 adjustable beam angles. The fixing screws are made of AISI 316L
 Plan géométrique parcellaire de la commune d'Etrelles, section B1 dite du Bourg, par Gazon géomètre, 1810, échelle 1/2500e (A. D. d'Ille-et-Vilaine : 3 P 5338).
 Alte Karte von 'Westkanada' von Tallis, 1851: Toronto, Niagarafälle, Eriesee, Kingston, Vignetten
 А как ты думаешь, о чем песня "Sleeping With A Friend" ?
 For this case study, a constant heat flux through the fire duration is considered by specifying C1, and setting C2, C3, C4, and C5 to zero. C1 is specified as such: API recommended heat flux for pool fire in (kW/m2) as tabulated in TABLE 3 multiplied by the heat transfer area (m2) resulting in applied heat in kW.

════════════════════

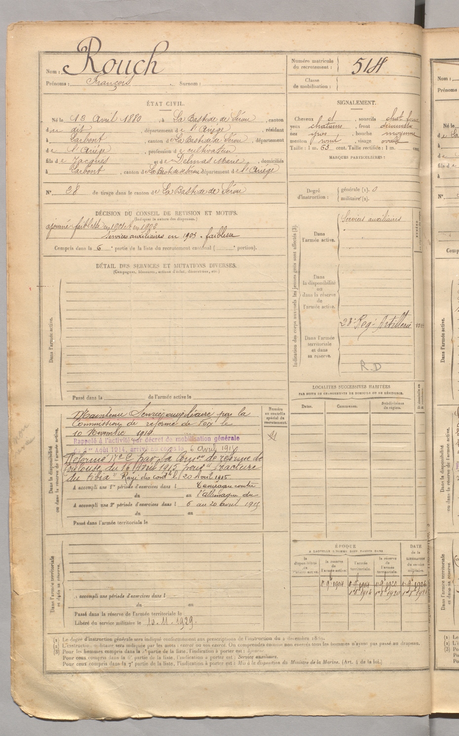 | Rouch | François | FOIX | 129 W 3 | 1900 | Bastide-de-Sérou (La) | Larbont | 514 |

════════════════════

Take the listing above and repeat exactly the lines from the one containing "Plan géométrique parcellaire" through the one containing "А как ты думаешь, о", both included.

 Plan géométrique parcellaire de la commune d'Etrelles, section B1 dite du Bourg, par Gazon géomètre, 1810, échelle 1/2500e (A. D. d'Ille-et-Vilaine : 3 P 5338).
 Alte Karte von 'Westkanada' von Tallis, 1851: Toronto, Niagarafälle, Eriesee, Kingston, Vignetten
 А как ты думаешь, о чем песня "Sleeping With A Friend" ?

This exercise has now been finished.